Infectious Disease

Rare Occurrence of Lemierre's Syndrome: A Case Report

The advent of antibiotics turned Lemierre's Syndrome into "the forgotten disease." But this easily misdiagnosed condition can potentially be fatal.

A 29-year-old man with no past medical history presents to the ED with 1 week of right-sided dental pain and new onset facial swelling. He was seen in the ED of a different hospital earlier in the week and had been started on oral penicillin for a dental infection. Initial physical exam on this repeat ED visit is notable for right mandibular/sub-mandibular swelling and tenderness, significant trismus, and jaw malalignment. Initial vital signs are as follows: Temperature 101.1 degrees Fahrenheit, heart rate 101, blood pressure 131/84, oxygen saturation 100 percent on room air. Labs and blood cultures are obtained, notable for acute kidney injury and leukocytosis. Antipyretics, IV fluids, and broad-spectrum antibiotics are administered. Bedside ultrasonography (Figure 1), is concerning for a non-compressible right internal jugular vein.
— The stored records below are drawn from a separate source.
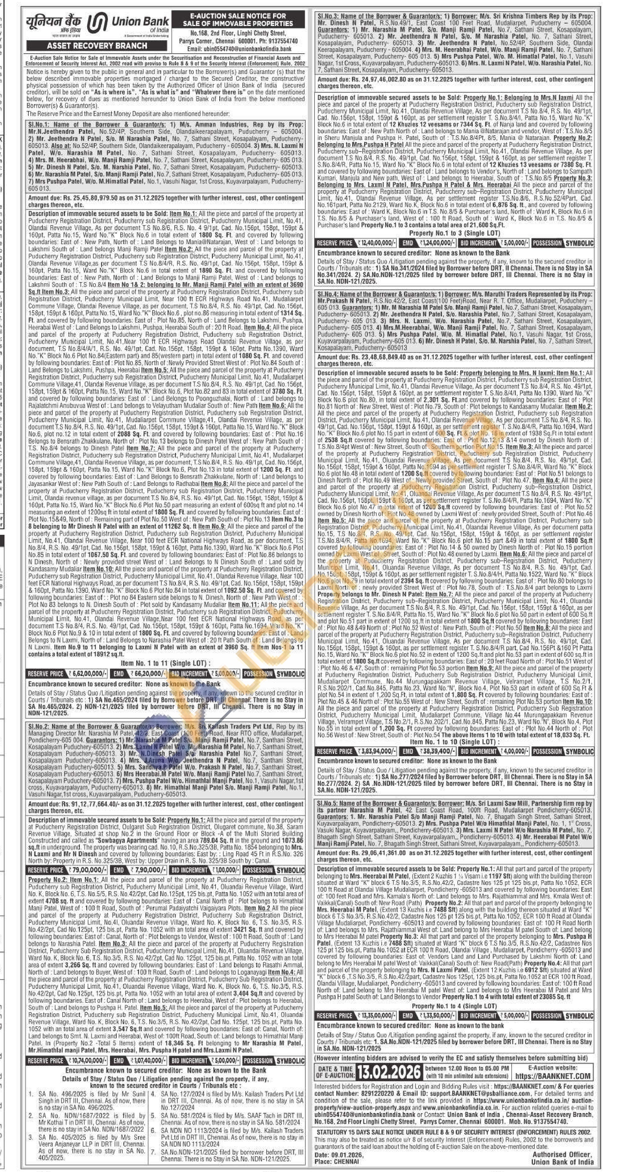 Description of immovable secured assets to be Sold: Item No.1: All the piece and parcel of the property at Puducherry Registration District, Puducherry sub Registration District, Puducherry Municipal Limit. No.41, Olandai Revenue Village, As per document T.S No.8/6, R.S. No. 4 9/1pt, Cad, No. 156pt, 158pt, 159pt & 160pt, Patta No.15, Ward No."K" Block No.6 in total extent of 1800 Sq. Ft. and covered by following boundaries: East of: New Path, North of Land Belongs to Mania@Natarajan, West of: Land belongs to Lakshmi South of Land bellongs Manji Ramji Patel Item No.2: All the piece and parcel of the property at Puducherry Registration District, Puducherry sub Registration District, Puducherry Municipal Limit, No.41, Olandai Revenue Village as per document T.S No.8/4/R, R.S. No. 49/1pt, Cad. No. 156pt, 158pt, 159pt & 160pt, Patta No.15, Ward No. "K" Block No.6 in total extent of 1890 Sq. Ft. and covered by following boundaries: East of New Path, North of Land Belongs to Manji Ramji Patel, West of Land belongs to Lakshmi South of: T.S No.8/4 Item No 1& 2: belonging to Mr. Manji Ramji Patel with an extent of 3690 Sq.ft Item No.3: All the piece and parcel of the property at Puducherry Registration District, Puducherry sub Registration District, Puducherry Municipal Limit, Near 100 ft ECR Highways Road No.41. Mudaliarpet Commune Village, Olandai Revenue Village, as per document, T.S. No.8/4, R.S. No. 49/1pt, Cad. No. 156pt, 158pt, 159pt & 160pt, Patta No. 15, Ward No. "K" Block No.6, plot no.86 measuring in total extent of 1314 Sq. Ft. and covered by following boundaries: East of: Plot No.85, North of: Land Belongs to Lakshmi, Pushpa, Heerabai West of Land Belongs to Lakshmi, Pushpa, Heerabai South of: 20 ft Road. Item No.4: All the piece and parcel of the property at Puducherry Registration District, Puducherry sub Registration District, Puducherry Municipal Limit. No.41, Near 100 ft ECR Highways Road Olandai Revenue Village, as per document. T.S No.8/4/A/1, R.S. No. 49/1pt, Cad. No. 156pt, 158pt, 159pt & 160pt. Patta No.1390, Ward No. "K" Block No.6 Plot No.84(Eastern part) and 85(western part) in total extent of 1080 Sq. Ft. and covered by following boundaries: East of: Plot No.85, North of: Newly Provided Street West of: Plot No.84 South of: Land Belongs to Lakshmi, Pushpa, Heerabai Item No.5: All the piece and parcel of the property at Puducherry Registration District, Puducherry sub Registration District, Puducherry Municipal Limit, No.41, Mudaliarpet Commune Village, 41, Olandai Revenue Village, as per document T.S No.8/4, R.S. No. 49/1 pt. Cad. No. 156pt, 158pt, 159pt & 160pt, Patta No. 15, Ward No. "K" Block No.6, Plot No.82 and 83 in total extent of 3780 Sq. Ft. and covered by following boundaries: East of Land Belongs to Poonguzhalai, North of Land belongs to Rajalatchmi Anubuvua West of: Land belongs to Velayutham Mudaliar South of New Path Item No.6: All the piece and parcel of the property at Puducherry Registration District, Puducherry sub Registration District, Puducherry Municipal Limit, No.41, Mudaliarpet Commune Village, 41, Olandai Revenue Village, as per document T.S No.8/4, R.S. No. 49/1pt, Cad. No.156pt, 158pt, 159pt & 160pt, Patta No. 15, Ward No. "K" Block. No.6, plot no. 12 in total extent of 2088 Sq. Ft. and covered by following boundaries: East of Plot No.16 Belongs to Bensrath Zhakkulane, North of: Plot No.13 belongs to Dinesh Patel West of: New Path South of: T.S. No.8/4 belongs to Dinesh Patel Item No.7: All the piece and parcel of the property at Puducherry Registration District, Puducherry sub Registration District, Puducherry Municipal Limit, No.41, Mudaliarpet Commune Village, 41, Olandai Revenue Village, as per document, T.S No.8/4, R.S. No. 49/1 pt, Cad. No. 156pt, 158pt, 159pt & 160pt, Patta No.15, Ward No. "K" Block No.6. Plot No. 13 in total extent of 1200 Sq. Ft. and covered by following boundaries: East of: Land Belongs to Bensrath Zhakkulane, North of: Land belongs to Jayasankar West of: New Path South of: Land Belongs to Radhabai Item No.8: All the piece and parcel of the property at Puducherry Registration District, Puducherry sub Registration District, Puducherry Municipal Limit, Olandai revenue village, as per document T.S No.8/4, R.S. No. 49/1pt, Cad. No. 156pt, 158pt, 159pt & 160pt, Patta No. 15, Ward No. "K" Block No.6 Plot No.50 part measuring an extent of 600sq ft and plot no.14 measuring an extent of 1200sq ft in total extent of 1800 Sq. Ft. and covered by following boundaries. East of: Plot No. 15849, North of: Remaining part of Plot No.50 West of: New Path South of: Plot No.13 Item No.3 to 8 belonging to Mr Dinesh N Patel with an extent of 11262 Sq. ft Item No.9: All the piece and parcel of the property at Puducherry Registration District, Puducherry sub Registration District, Puducherry Municipal Limit, No.41, Olandai Revenue Village, Near 100 feet ECR National Highways Road, as per document, T.S No.8/4, R.S. No. 49/1pt, Cad. No. 156pt, 158pt, 159pt & 160pt, Patta No.1390, Ward No. "K" Block No.6 Plot No.85 in total extent of 1067.50 Sq. Ft. and covered by following boundaries: East of: Plot No.86 belongs to N Dimesh, North of Newly provided street West of Land Belongs to N Dinesh South of Land sold by Kandasamy Mudaliar Item No.10: All the piece and parcel of the property at Puducherry Registration District, Puducherry sub Registration District, Puducherry Municipal Limit, No. 41, Olandai Revenue Village, Near 100 feet ECR National Highways Road, as per document T.S No.8/4, R.S. No. 49/1pt, Cad. No. 156pt, 158pt, 159pt & 160pt, Patta No.1390, Ward No. "K" Block No. 6 Plot No.84 in total extent of 1092.50 Sq. Ft. and covered by following boundaries: East of:: Plot no 84 Eastern side belongs to N. Dinesh, North of New Path West of:: Plot No 83 belongs to N. Dinesh South of Plot sold by Kandasamy Mudaliar Item No.11: All the piece and parcel of the property at Puducherry Registration District, Puducherry sub Registration District, Puducherr
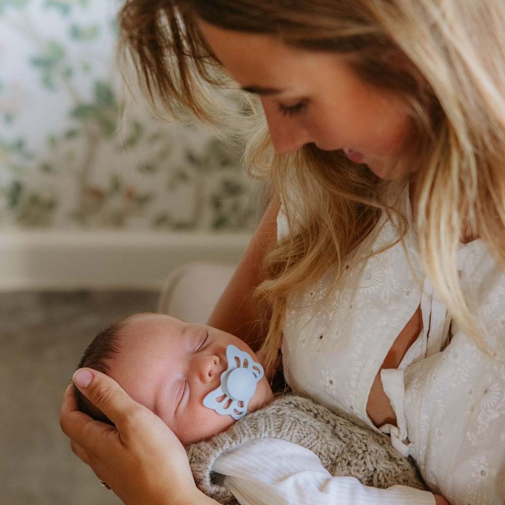 Ideaal als geboortecadeau!- Het schildje is voorzien van luchtgaatjes. Zo kan de lucht vrij circuleren en heb je minder kans op huidirritatie.- De speen imiteert de tepel: past zich aan aan het gehemelte van je kindje. Stimuleert de ontwikkeling van het gehemelte en de mond- en kaakspieren.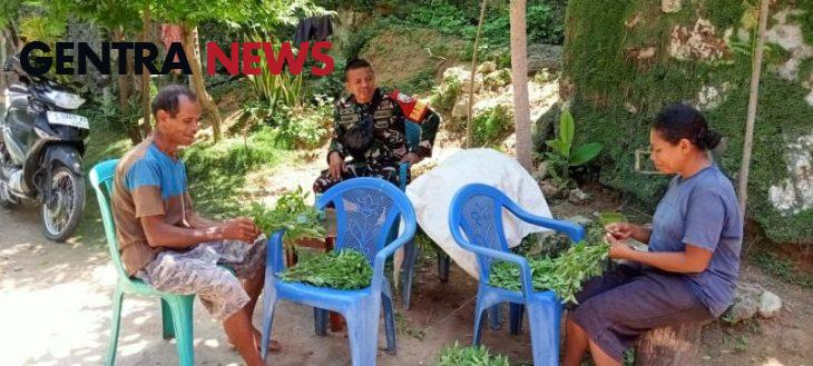 Gentra News NTT – Kupang – Babinsa Kelurahan Bakunase Koramil 1604-01/Kota, Serda La Dane, melaksanakan komunikasi sosial (Komsos) dengan warga setempat, Bapak Tus Benu, untuk membahas kondisi panen sayur-mayur, khususnya daun kemangi. Pertemuan ini berlangsung di RT 013/RW 005, Kelurahan Bakunase, Kecamatan Kota Raja, Kota Kupang. Senin (16/09/2024).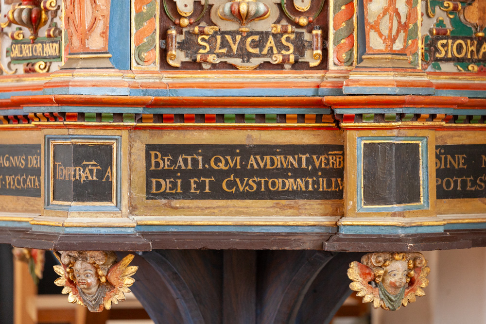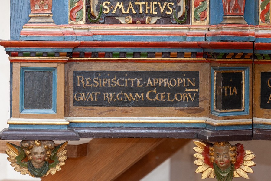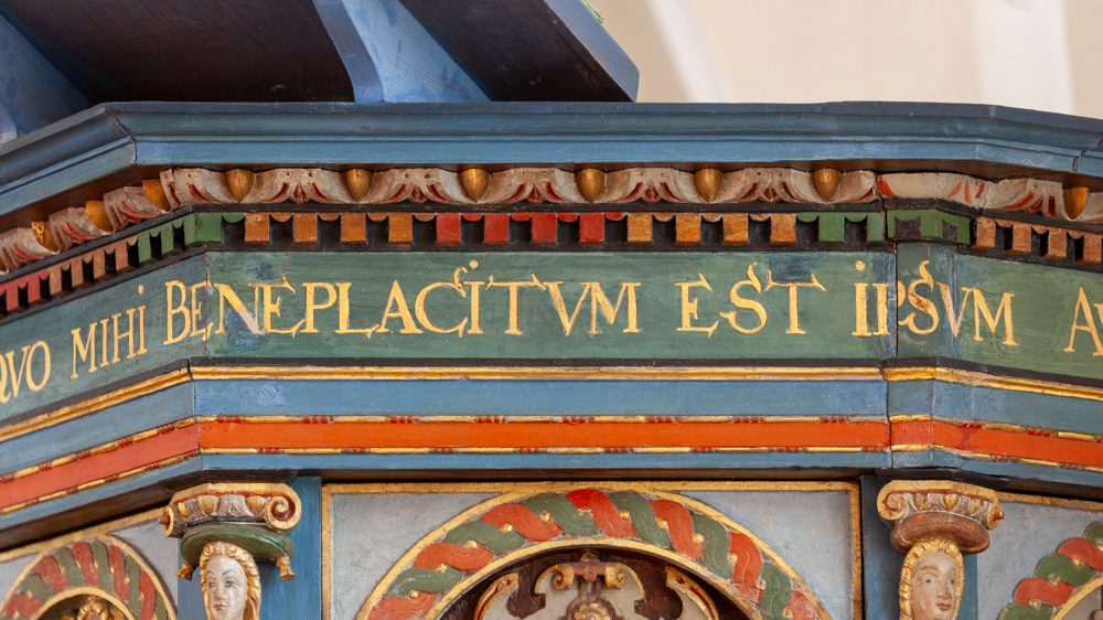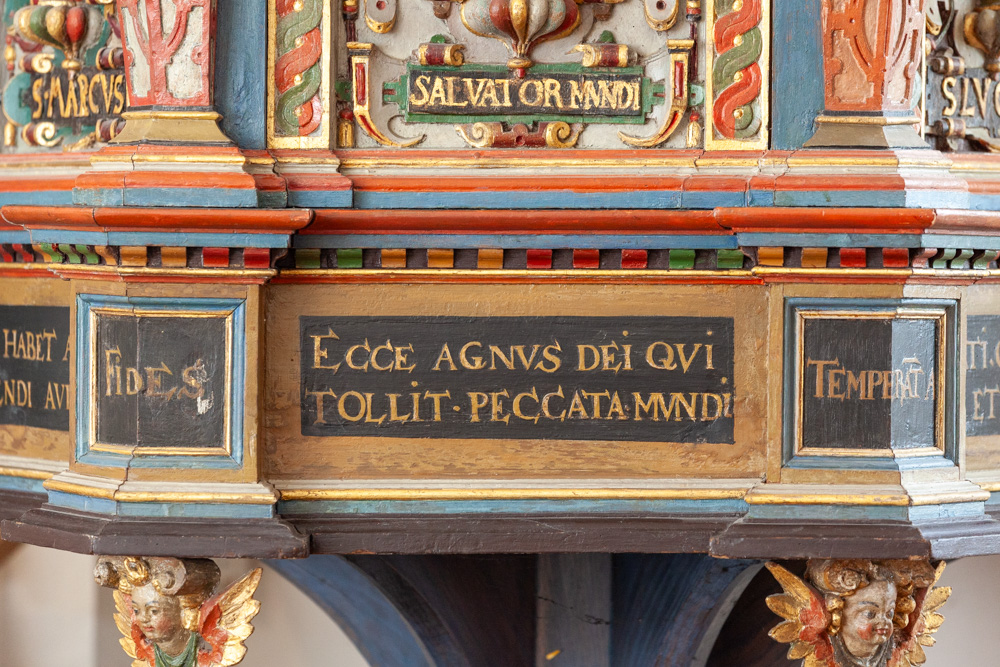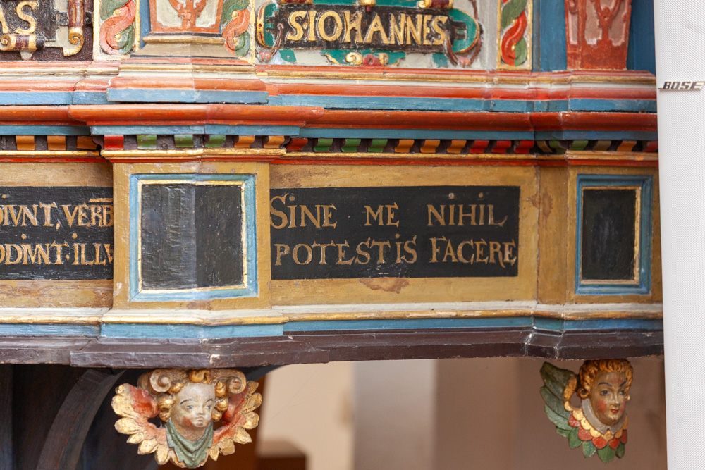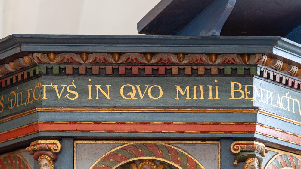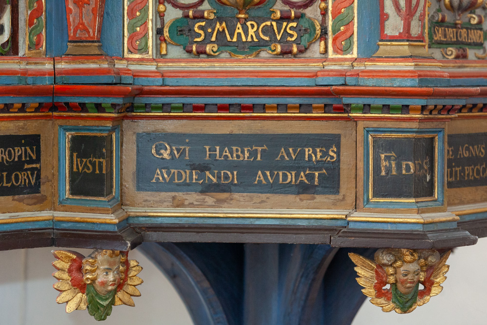 Anno 1598 den tijd Axel Brahe war höfwitsmann på Helsingborgs slott, blef denne predikestol giord. M. Michel Olson sogneprest i Helsingborg och herrids profwits förskrefne år, Claus Holst slotsfoged og riefoged i Lougud Herridt. Min lycke ståår i Guds haand. Hr Jacob Olsen Skåning sogneprest i det samme åår. Frustra laborat lingua doctoris nisi intus operatur gratia salvatoris. Cui deus bene vult homo prevalere non potest (Forgæves taler læreren tunge, om ikke Frelserens nåde er virksam i ham. Den Gud vil det godt kan intet menneske overvinde). Hwad Gud will mig tillsände kan ingen afwende. Hwad Gud mig aand (=under) förmenn mig ingen mand. Kirckewerge Peder Axelson, Anders Janson.

Contrast-enhanced computed tomography (CT) of the neck is concerning for multiple complex periodontal, submandibular, and masticator space abscesses, with associated thrombosis of the internal jugular vein (Figure 2). Consultations to oral and vascular surgery are placed, and the patient is admitted to the hospital for continued care.

 
Figure 1. Bedside ultrasound of the patient's neck showing a non-compressible internal jugular vein, concerning for thrombosis

 

 
Figure 2. CT neck with contrast showing: A) one of many abscesses; B) loss of patentcy of internal jugular vein, concerning for thrombosis 

Discussion
Lemierre’s syndrome was first described by French bacteriologist André Lemierre in 1936. In his landmark publication, On Certain Septicaemia Due to Anaerobic Organisms, he eloquently describes the condition as an “anaerobic postanginal septicaemia,” and found that it classically, and interestingly, afflicts previously healthy, young adults.1 Historically the disease is also termed the “forgotten disease,” after its steep decline in incidence following the advent of antibiotics.2 While only affecting 1 in 1 million patients per year, a misdiagnosis could potentially be fatal.

Today the condition is defined as a septic thrombophlebitis of the internal jugular vein due to an adjacent deep-space neck infection. On history and exam patients with Lemierre’s can have fevers, rigors, odynophagia, neck pain/tenderness, swelling, limited range of motion of the neck, and perhaps the pathognomonic “cord sign.” This is seen in less than half of cases, and characterized by pain and swelling along the sternocleidomastoid muscle.3

Infections are nearly universally oropharyngeal in origin and disseminate via direct extension towards the carotid sheath. Patients frequently present to the ED appearing clinically ill, requiring aggressive resuscitation and treatment for sepsis. Management often requires definitive surgical treatment of the primary infection.4

Complications from Lemierre’s syndrome include persistent bacteremia, septic shock, and septic emboli to joints or lungs. Pathogenic bacteria are usually normal anaerobic flora of the oropharyngeal cavity (classically Fusobacterium necrophorum). Initial antibiotic recommendations include ampicillin-sulbactam, piperacillin-tazobactam, or a carbapenem.3 If associated with an internal jugular catheter, it is recommended to add vancomycin as well (in addition to catheter removal).5 The role of anti-coagulation is controversial, and is often reserved for cases of persistent bacteremia, limited response to antibiotics or surgical drainage, or large clot burden.3 In severely refractory cases, surgical exploration of the internal jugular may be warranted.2

Case Conclusion
The patient in this case was taken to the operating room for surgical exploration of his oral cavity with drainage of multiple complex loculated abscesses. He was continued on ampicillin-sulbactam postoperatively and remained hemodynamically stable. He did not receive anticoagulation. He was discharged home on ampicillin-clavulanic acid in stable condition with plans for close follow-up.


References
1. Lemierre A. On Certain Septicaemia Due to Anaerobic OrganismsLancet. 1936;2:701-703.
2. Riordan T, Wilson M. Lemierre's syndrome: more than a historical curiosa. Postgrad Med J. 2004;80(944):328-334.
3. Golpe R, Marín B, Alonso M. Lemierre's syndrome (necrobacillosis). Postgrad Med J. 1999;75(881):141-144.
4. Chirinos JA, Lichtstein DM, Garcia J, Tamariz LJ. The evolution of Lemierre syndrome: report of 2 cases and review of the literature. Medicine (Baltimore). 2002;81(6):458-465.
5. Andes DR, Urban AW, Acher CW, Maki DG. Septic thrombosis of the basilic, axillary, and subclavian veins caused by a peripherally inserted central venous catheter. Am J Med. 1998;105(5):446-450.